> _Activity_
Make an exact copy, from the records below, of the lines from the line containing "As if keeping" to the line containing "Spacious storage includes", both lines included, excluding pictures.

> _Data extracts_

++++

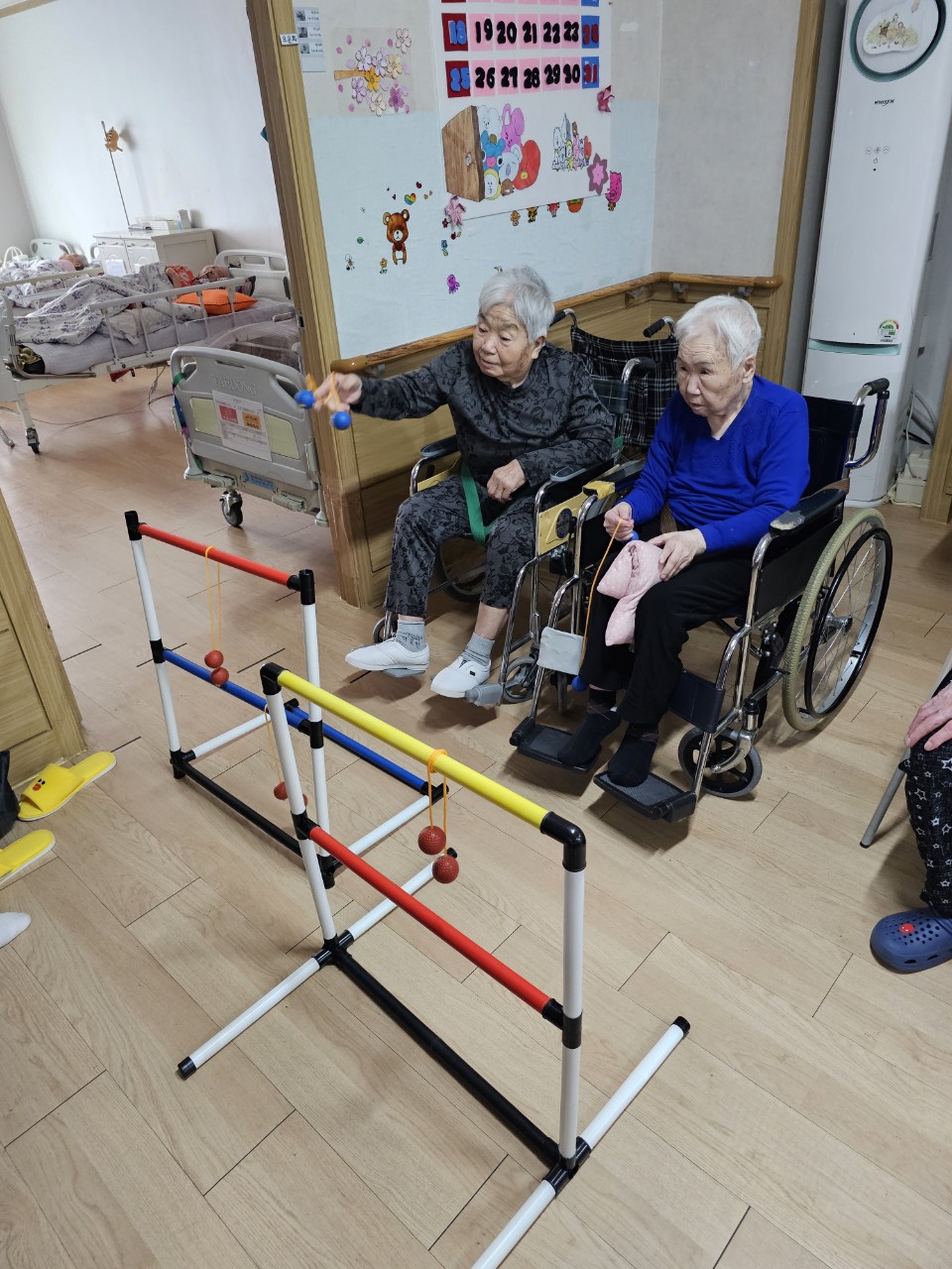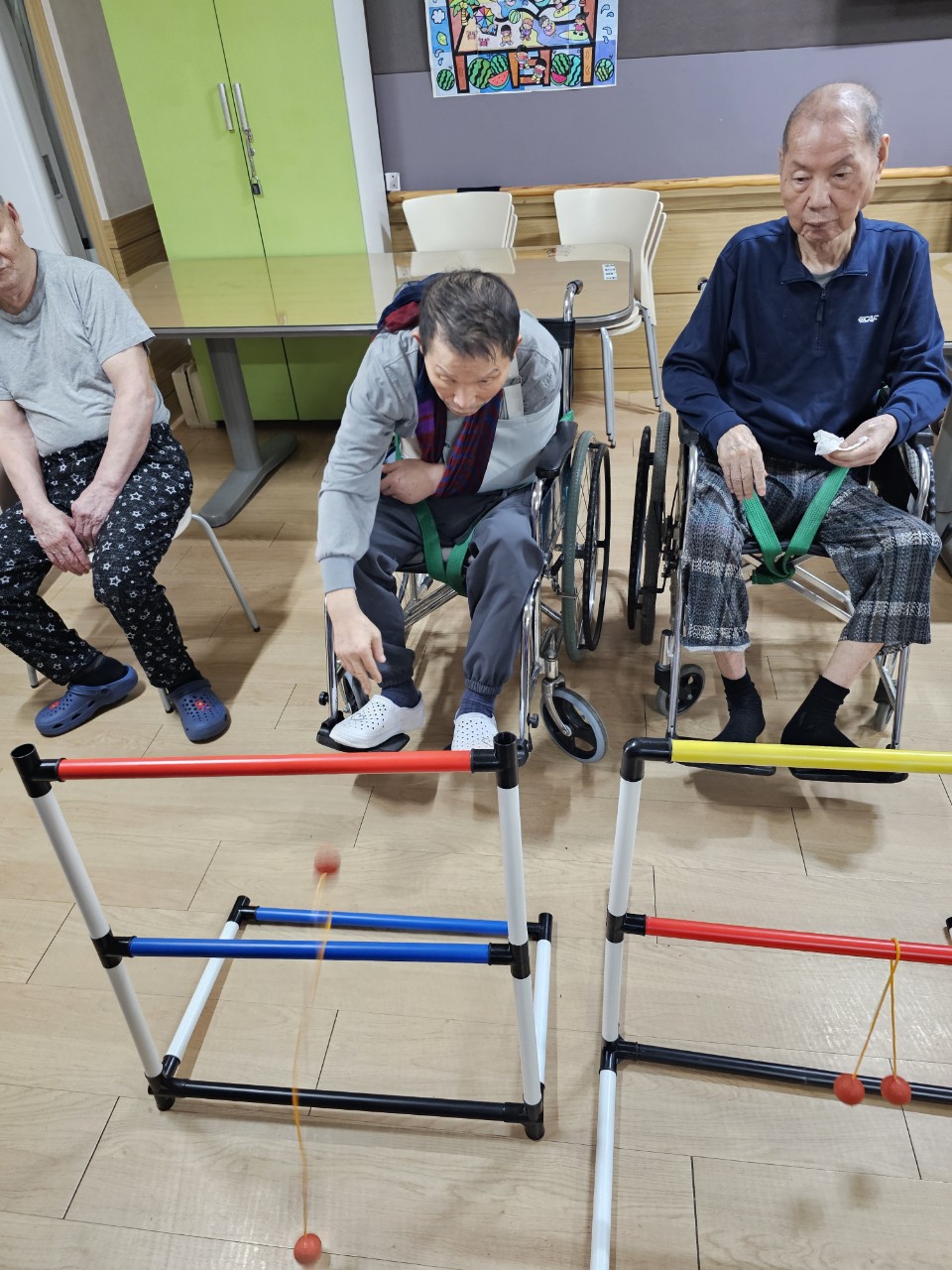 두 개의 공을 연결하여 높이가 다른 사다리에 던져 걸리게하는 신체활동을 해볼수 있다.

++++

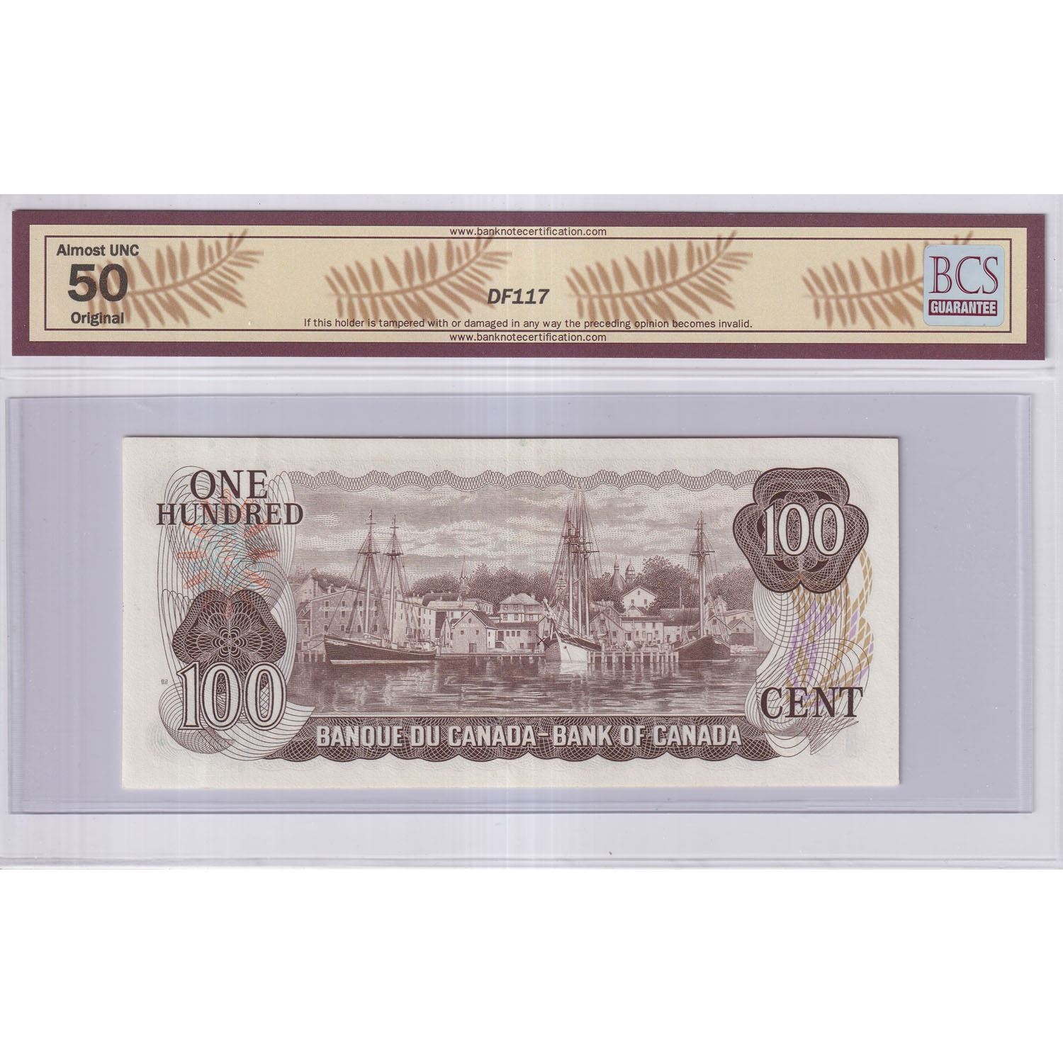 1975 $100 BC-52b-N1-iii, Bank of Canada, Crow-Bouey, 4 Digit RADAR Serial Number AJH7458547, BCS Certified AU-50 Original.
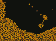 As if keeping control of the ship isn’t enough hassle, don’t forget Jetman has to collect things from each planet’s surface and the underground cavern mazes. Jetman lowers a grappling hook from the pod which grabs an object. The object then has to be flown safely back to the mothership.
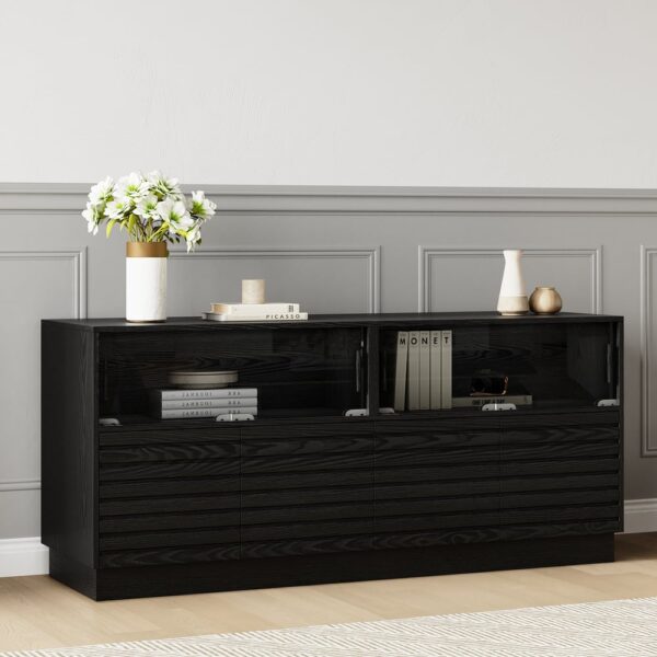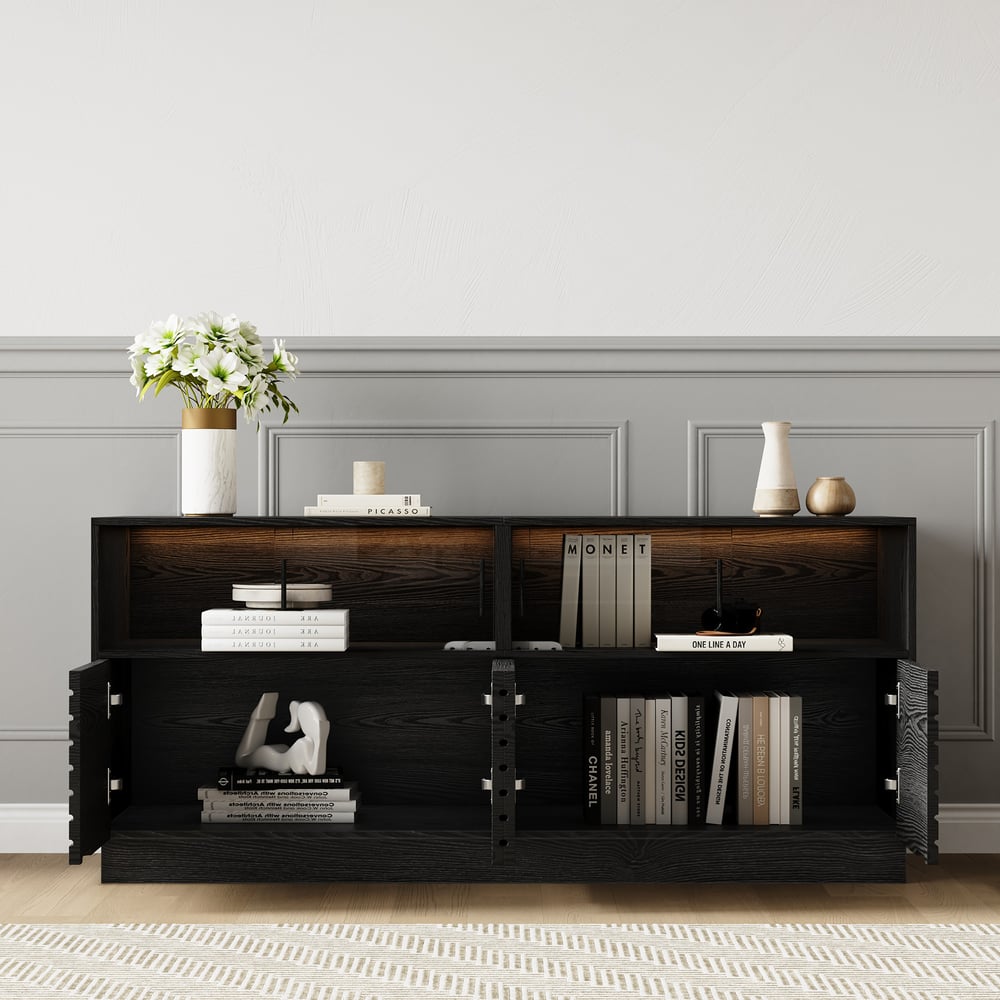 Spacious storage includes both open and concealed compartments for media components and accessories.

++++

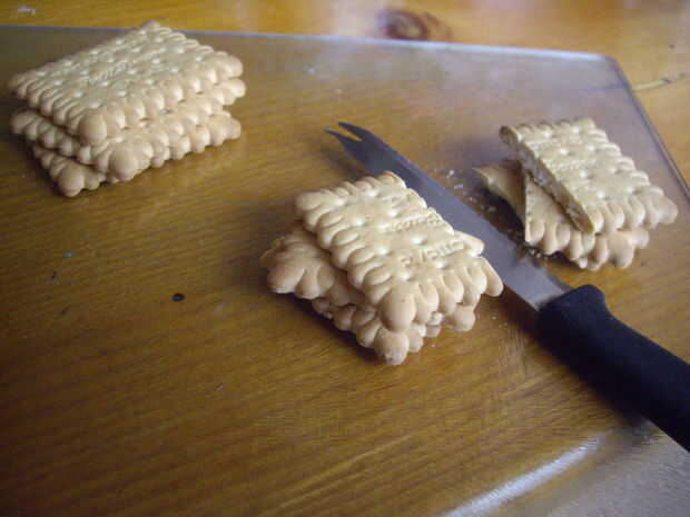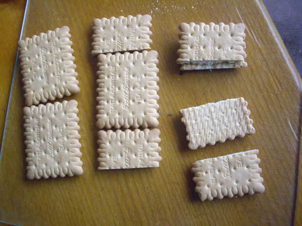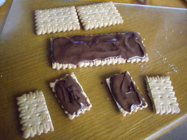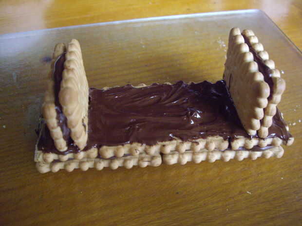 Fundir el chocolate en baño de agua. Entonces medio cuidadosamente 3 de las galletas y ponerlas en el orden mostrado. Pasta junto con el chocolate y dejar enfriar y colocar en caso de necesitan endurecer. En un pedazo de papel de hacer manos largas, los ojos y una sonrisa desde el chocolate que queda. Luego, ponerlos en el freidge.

++++

> _Task solution_
 As if keeping control of the ship isn’t enough hassle, don’t forget Jetman has to collect things from each planet’s surface and the underground cavern mazes. Jetman lowers a grappling hook from the pod which grabs an object. The object then has to be flown safely back to the mothership.
 Spacious storage includes both open and concealed compartments for media components and accessories.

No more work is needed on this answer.